Orang-orang yang beriman dan bertakwa secara subtansial tidak akan ragu sedikit pun sami’na wa atho’na , kami mendengar dan kami mematuhi. Berhaji adalah perintah suci yang datang dari Allah SWT.
Perjalanan haji bukan hanya perjalanan fisik, melainkan juga perjalanan ruhani. Sikap mental ketaatan, positif thinking, chusnudzon akan mewarnai perjalanan hidup saat itu dan masa depan.

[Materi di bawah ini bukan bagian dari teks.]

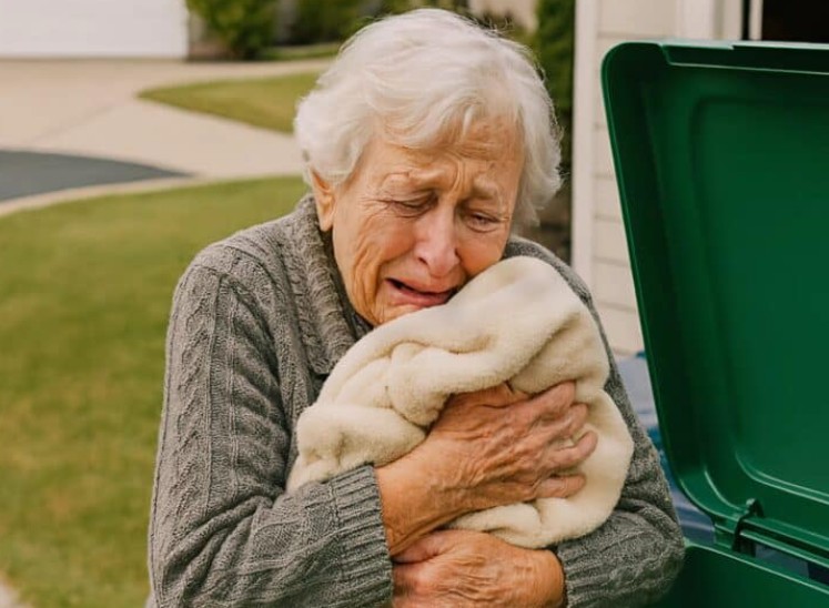 J’ai vu par hasard ma belle-fille jeter à la poubelle la couverture pour bébé que j’avais tricotée de mes propres mains pour mon petit-enfant. Instinctivement, je l’ai récupérée dans le conteneur — et c’est à cet instant précis que j’ai senti quelque chose de dur dissimulé dans l’épaisseur du tissu.

Akan tetapi, apabila haji hanya dikalkulasi secara fisik minus perjalanan ruhani, maka akan merugi. Ruhani dibiarkan liar negatif thinking, suudzon yang menguasai hati dan pikirannya, maka perjalanan hidup saat itu dan ke depannya banyak banyak masalah.
Oleh karena itu, sebagai orang yang beriman marilah bersiap diri untuk memenuhi panggilan Ilahi untuk berhaji. (Tubiyono)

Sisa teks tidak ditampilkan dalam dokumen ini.